The lien starts accruing interest the first day of the next month after the auction.
Arizona liens are sold in February, so you start accruing interest on March 1st. And
yes, that means if the owner pays the back taxes before the end of February, you get no
interest and are out the $10 non-refundable fee - but you do get your Principal back. The
interest accrues on the first day of each subsequent month. If the owner pays on the 1st
day of any month, they have to pay the full amount of interest for that month.

With that, here is a breakdown of the interest earned on this lien.  (Click on picture to see larger version) Note - "P1" is January, "P2" is February, etc.

Normal 1418568690 Az Lien Return

The upper left is each lien year and how much interest I earned on that particular year.
For example, the first year lien is $350.60 of Principal. I earned 44 months of interest
on that year's lien or $205.69 in interest.

I should point out that when I bought this lien, it was for 2 years of taxes. So the
second lien amount of $375.60, I also earned 44 months of interest or $220.35 of
interest.  Also note the Cash Inflow is the sum of all the Interest earned and the Principal paid back. You don't get paid any Interest until the lien is redeemed by the property owner.

The Return % is a gross return on that lien amount. Under "Rate Analysis", the Internal
Rate of Return is using Excel's formula. I used Ankit Duggal's Tax Lien IRR spreadsheet in
the BP Resources > FilePlace > Spreadsheets. Note the first year outflow is $360.60
because it includes the $10 fee the county charges in the original auction. Interest is
NOT earned on that $10 fee.

So while my gross return is almost 44% in total, the IRR shows a healthy 15.9% return for
the overall time period of the investment. I have 9 more of these liens still earning a gross 16% annually.


Comments (13)

  1. @Tim Holmes  I also learned from self-study and talking with lawyers who specialize in tax lien foreclosures.  At some point in the early 1990's I bought a used guru course off of ebay.  The best thing I got out of that was the listing of all the counties that sold tax liens and tax deeds at the time.  It's out of date now and the course was very basic.  It did have have video tapes of actual auctions and interviews with the guru "students".  I found the actual auctions very enlightening to see since I only had experience with my local auction at that point.  That course has long been in the trash since it is so dated now.  I really don't recommend guru programs since most are funnels to lead you to higher priced "coaching" or have you just give them your money for them to invest.
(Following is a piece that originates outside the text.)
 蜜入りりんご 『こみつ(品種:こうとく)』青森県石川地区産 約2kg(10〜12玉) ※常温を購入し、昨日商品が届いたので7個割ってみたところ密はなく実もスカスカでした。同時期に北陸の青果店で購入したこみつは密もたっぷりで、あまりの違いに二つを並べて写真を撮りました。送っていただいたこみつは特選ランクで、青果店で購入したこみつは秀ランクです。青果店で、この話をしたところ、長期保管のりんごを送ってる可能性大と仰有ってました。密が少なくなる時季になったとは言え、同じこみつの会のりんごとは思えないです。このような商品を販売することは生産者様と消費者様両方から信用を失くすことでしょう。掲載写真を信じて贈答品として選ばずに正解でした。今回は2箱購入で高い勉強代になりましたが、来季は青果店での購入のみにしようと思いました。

    1. @Jerry K. Thanks, notes, liens and deeds appeal to me more than tenants.

    2. @Jerry K Thanks, notes, liens and deeds appeal to me more than tenants.

    3. @Jerry K Thanks, notes, liens and deeds appeal to me more than tenants.
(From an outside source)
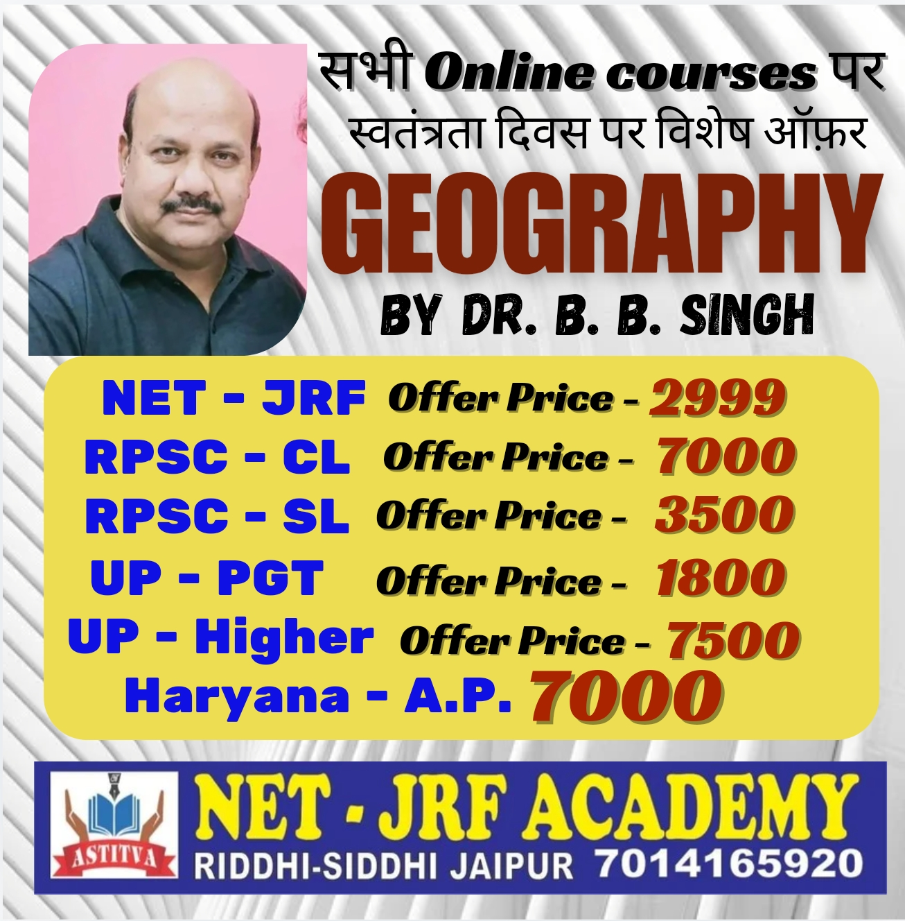 Geography विषय के सभी Online Course पर, स्वतंत्रता दिवस के अवसर पर तीन दोनों का विशेष ऑफ़र आरंभ हो रहा है। ऑफर 14 अगस्त से आरंभ होकर 16 अगस्त की रात्रि को समाप्त होगा। अवसर का लाभ उठाएं और Play Store से अभी Astitva Application download करें । अधिक जानकारी के लिए 7014165920 पर whatsapp या Call करें। ..

    4. @Jerry K Thanks, notes, liens and deeds appeal to me more than tenants.

    5. @Jerry K Thanks, notes, liens and deeds appeal to me more than tenants.
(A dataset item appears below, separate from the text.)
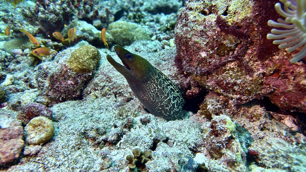 Wir waren täglich 2x am Hausriff unterwegs, das größtenteils in gutem Zustand ist und in jedem Abschnitt sehr schöne Bereiche hat (manchmal muss man die Tiefe variieren). Wo man taucht checkt man am besten schnell mit der Divecenter crew, die einem dann je nach Strömung was passendes vorschlägt und den idealen einstieg zeigt. Wir hatten durchweg entspannte (aber auch spannende) Tauchgänge. Am Hausriff gibt es alles vom Steinfisch und Seenadeln bis zu Adlerrochen und großen Riffhaien. An der Jetty ist auf 25m eine Putzerstation für Haie. Morgens bei Starker strömung am Seil einhaken und abwarten. HaiLive.

  2. @Ned Carey  That's right - in Arizona you can foreclose 3 years after the date of the first lien, and you must start foreclosure by the 10th year or your lien "expires" worthless.  

    In many counties in Arizona, there is only one line holder.  If you buy the taxes this year and the owner does not redeem nor pay the taxes next year, you as the lien holder have the option to pay the sub taxes by the end of December.  If you don't pay the sub taxes, then the current year taxes AND your lien from the previous year are sold in the next auction.  The new buyer pays you off with interest, and they also own the current year taxes.  They are now 2 years into the redemption period and that much closer to foreclosure.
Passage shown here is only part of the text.